Moi je ne perçois que de loin ce dont je parle. Séra lui, y était !
Jacques Tardi
Les auteurs de La voiture d’Intisar et d’Intisar en exil racontent la quête de liberté d’une Yéménite moderne exilée en Jordanie quand Les oiseaux ne se retournent pas, de Nadia Nakhlé, traite de l’exil forcé des mineurs. Paroles sans papiers ou Un pays dans le ciel eux abordent les conditions atroces d’une vie en transit et Hmong se penche sur le sort de ce peuple qui a vécu une diaspora provoquée par la guerre. La lecture de Jusqu’à Raqqa, ce témoignage d’un français parti combattre l’Etat islamique en Syrie dans un conflit engendrant des déplacements de populations s’intéresse à l’une des sources de l’exil alors que À qui profite l’exil ? de Taina Tervonen et Jeff Pourquié décrypte le business autour de l’horreur.

Se construire après un exil
La résilience passe par la prise de conscience d’un traumatisme pour apprendre à se construire et tenter de démontrer qu’il n’y a pas de fatalité dans ces errances forcées.

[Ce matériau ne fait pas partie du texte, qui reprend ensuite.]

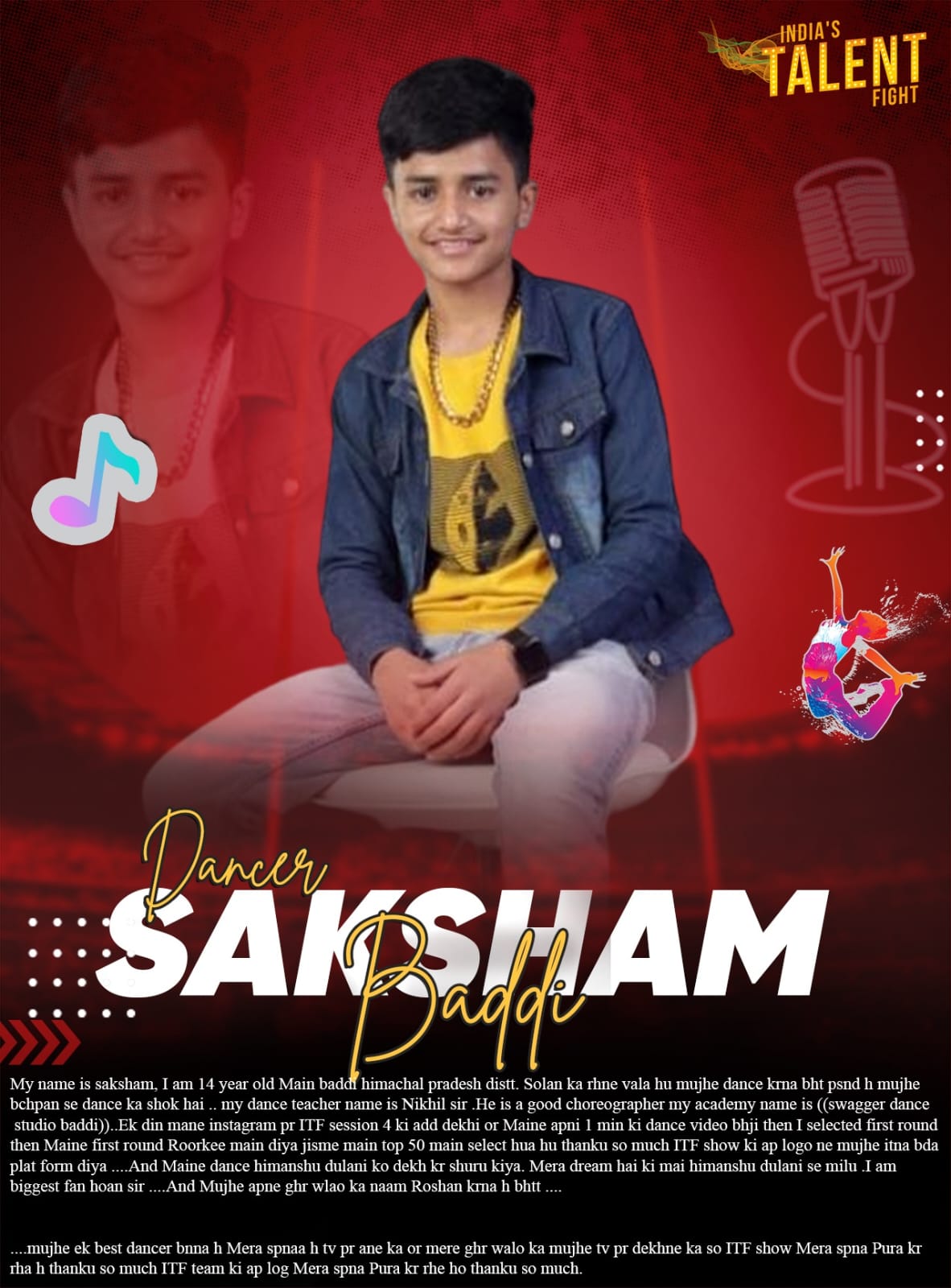 Dancer Saksham Baddi SolanHello everyone………My name is saksham, I am 14 year old Main baddi himachal pradesh distt. Solan ka rhne vala hu mujhe dance krna bht psnd h mujhe bchpan se dance ka shok hai .. my dance teacher name is Nikhil sir .He is a good choreographer my academy name is ((swagger dance studio baddi))..Ek din mane instagram pr ITF session 4 ki add dekhi or Maine apni 1 min ki dance video

Les ouvrages qui suivent racontent comment, à leur manière, leurs auteurs ont fait de ces exils ou de ceux de leur famille une pierre sur laquelle construire leur avenir à l’image de Lucie Quéméner qui raconte l’opposition entre émancipation et héritage culturel dans Baume du tigre.

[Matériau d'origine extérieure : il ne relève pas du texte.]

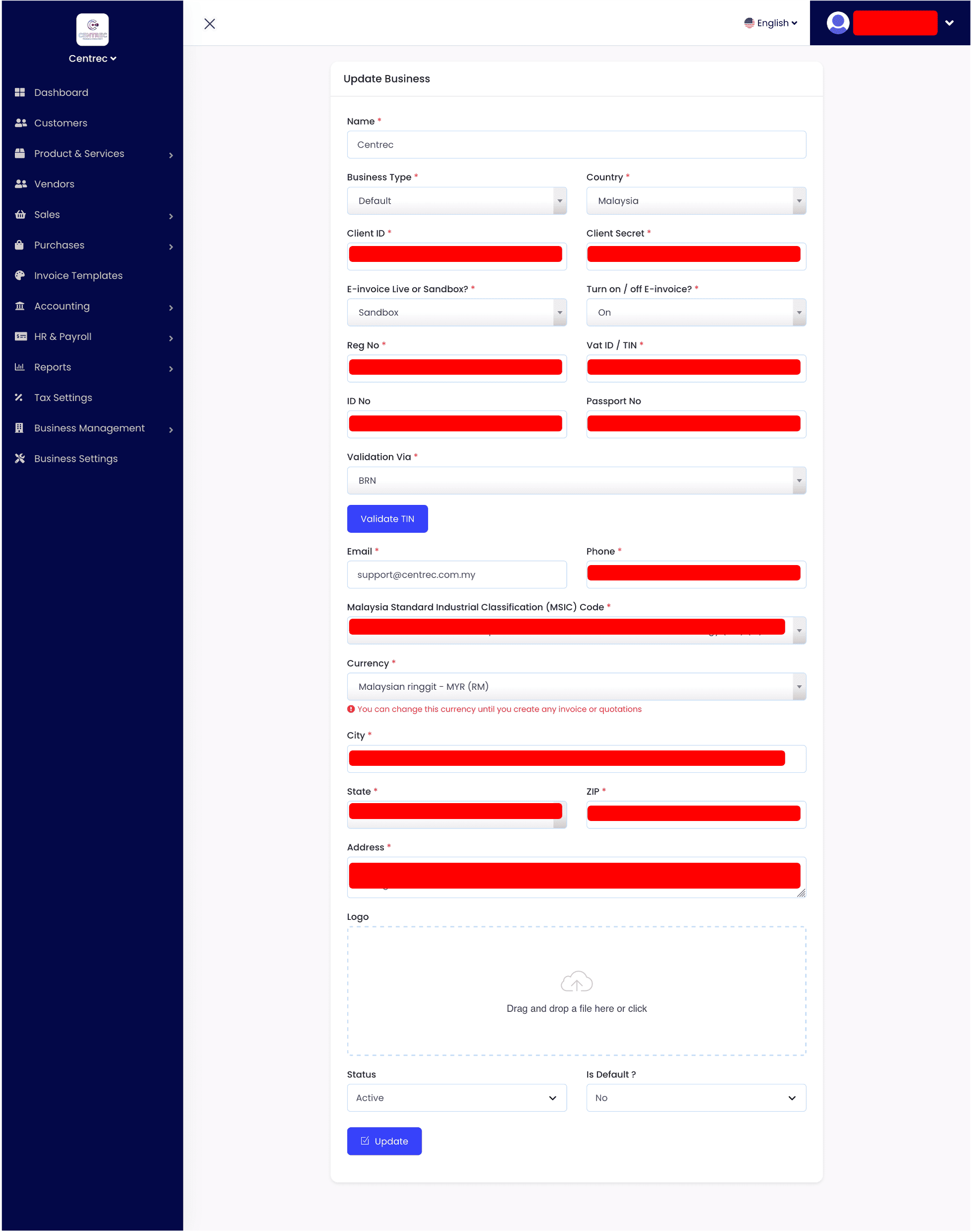 7. Please take note that Malaysia government has provided two environments for MyInvois Portal, the live / production environment (https://mytax.hasil.gov.my/) and the testing / pre-production environment (https://preprod-mytax.hasil.gov.my/), these two environments do not share the same set of Client ID and Client Secret, therefore please make sure that the Client ID and Client Secret you have filled into the business details settings are generated in the correct environment, and select the respective environment in the dropdown E-invoice Live or Sandbox?.

Les protagonistes de Retrouver Ganesh ou La boîte de petits pois sont parvenus à profiter de cette vie déplacée pour en faire une force et devenir Sarath Amarasingam, le chorégraphe franco-srilankais reconnu, et l’autre Giédré, la chanteuse à succès.

Parfois l’exil est un héritage familial avec lequel il faut composer, ainsi dans Le bourdonnement d’un moustique, Savari, une jeune orpheline indienne adoptée par des parents français va changer de langue, de culture et de pays pour une autre vie. Miguel Francisco, espagnole vivant à Helsinki raconte à son fils la guerre civile espagnole, le franquisme, l'exil en Argentine de sa famille pour mieux combler dans leur histoire Des Espaces vides.